Splunk Search

How to combine my two searches get the duration of completed jobs with start/end events and display a list of incomplete jobs?

dpoloche
Explorer

I have two searches that I am trying to combine into one and keep running into roadblocks. Preferably, I would be able to accomplish the task without using transactions (second search). My goals are:

  1. See Jobs that are created, but never completed in the last 10 days
  2. Get the duration of current jobs in hours

My first search gives me the jobs completed/created, but it leaves out jobs created prior to the time window and is missing job duration.
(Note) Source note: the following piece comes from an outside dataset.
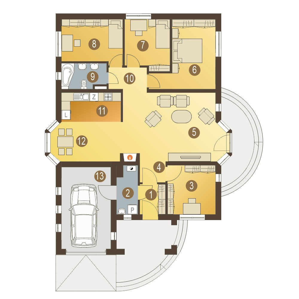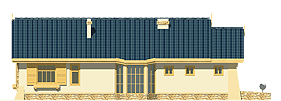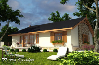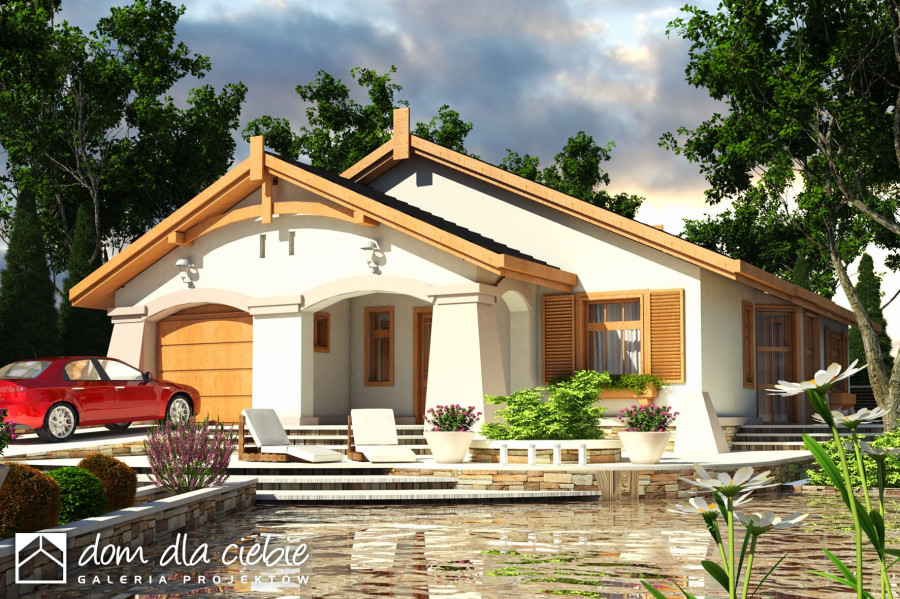 Skromny, wygodny parterowy dom dla 4-5cio osobowej rodziny z wbudowanym garażem. Na stosunkowo małej powierzchni podzielono mieszkanie na strefę nocna i dzienną umożliwiając rodzinie odpowiedni komfort wypoczynku. Wykusze po obu stronach budynku będą dodatkową atrakcją wnętrza strefy dziennej... Sprawdź inne projekty domów - Zapraszamy !fundamenty: BETONOWE ściany zewnętrzne: POROTHERM+STYROPIAN TERMO ORGANIKA ściany wewnętrzne: POROTHERM/ CEGŁ.DZIURAWKA rodzaj stropu: DREWNIANY elewacje: TYNK STRUKTURALNY pokrycie dachu: DACHÓWKA CEM. lub CER.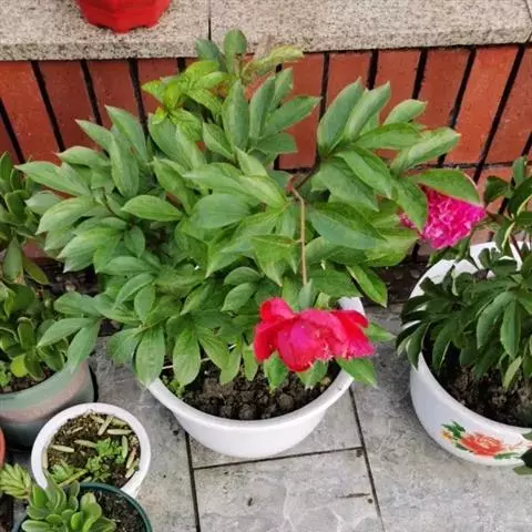 进行盆栽时,栽植季节以9~10月为最好。盆栽牡丹应选择适应性强、早开花、花型较好的洛阳红、胡红、赵粉等品种。植株宜选用芍药作砧木嫁接的3~4年小棵牡丹或具有3~5个枝干的分株苗。盆栽时,盆底可用粗砂或小石子铺3~5厘米厚,以利排水。盆土宜用黄砂土和饼肥的混合土,或用充分腐熟的厩肥、园土、粗砂以1:1:1的比例混匀的培养土。填土要使根系舒展,不能卷曲;覆土后要用手压实,使根系与泥土紧密接触,才易于成活。上盆后浇一次透水,放半阴处缓苗。转入正常管理后,可放置向阳处,保证其有充分的阳光照射。生长期间要经常松土,每隔半个月左右施一次

   .....search.... EventDescription="Job Created" OR EventDescription="Job Completed"  
    | stats values(EventDescription) AS Event, list(_time) as Time by Job_ID 
    | eval Time=strftime(Time, "%m-%d-%y %H:%M:%S")

alt text

My second search gives me duration in hours, but uses the expensive transaction command and doesn't tell me about jobs that got created but never completed during the window.

 ....search .... EventDescription="Job Created" OR EventDescription="Job Completed" 
| transaction Job_ID startswith="Job Created" endswith="Job Completed" | where duration>0  
| eval StartTime=strftime(_time, "%m-%d-%y %H:%M:%S"), EndTime=strftime(_time+duration, "%m-%d-%y %H:%M:%S")   
| eval JobDuration = floor(duration/60/60)." Hours " | table Job_ID StartTime EndTime JobDuration

alt text

1 Solution

wpreston
Motivator

Personally, I feel that transaction deserves some love. I know it is an expensive command, but it is also a powerful one with some very useful features. If you decide to keep using transaction, you can simply add the keepevicted=t flag to the transaction command to get the information you want.

It will add a closed_txn field which denotes transactions that were:

  • Opened and closed (both the startswith and endswith conditions were met). In this case, closed_txn=1
  • Only opened (only the startswith condition was met and therefore the transaction was evicted). In this case, closed_txn=0

So to find jobs that started but didn't complete in your time window, add | search closed_txn=0 to your search after the transaction command. If the search is running too slowly, use fields to reduce your field extractions prior to running your transaction. The whole thing might look something like this:

....search .... EventDescription="Job Created" OR EventDescription="Job Completed" 
| fields Job_ID
| transaction Job_ID startswith="Job Created" endswith="Job Completed" keepevicted=t | where duration>0  
| eval Job_Status=if(closed_txn=0, "Incomplete", "Complete")
| eval StartTime=strftime(_time, "%m-%d-%y %H:%M:%S"), EndTime=strftime(_time+duration, "%m-%d-%y %H:%M:%S")   
| eval JobDuration = floor(duration/60/60)." Hours " 
| table Job_ID Job_Status StartTime EndTime JobDuration

If interested in this approach, have a look at keepevicted in the docs here.

View solution in original post

wpreston
Motivator

Personally, I feel that transaction deserves some love. I know it is an expensive command, but it is also a powerful one with some very useful features. If you decide to keep using transaction, you can simply add the keepevicted=t flag to the transaction command to get the information you want.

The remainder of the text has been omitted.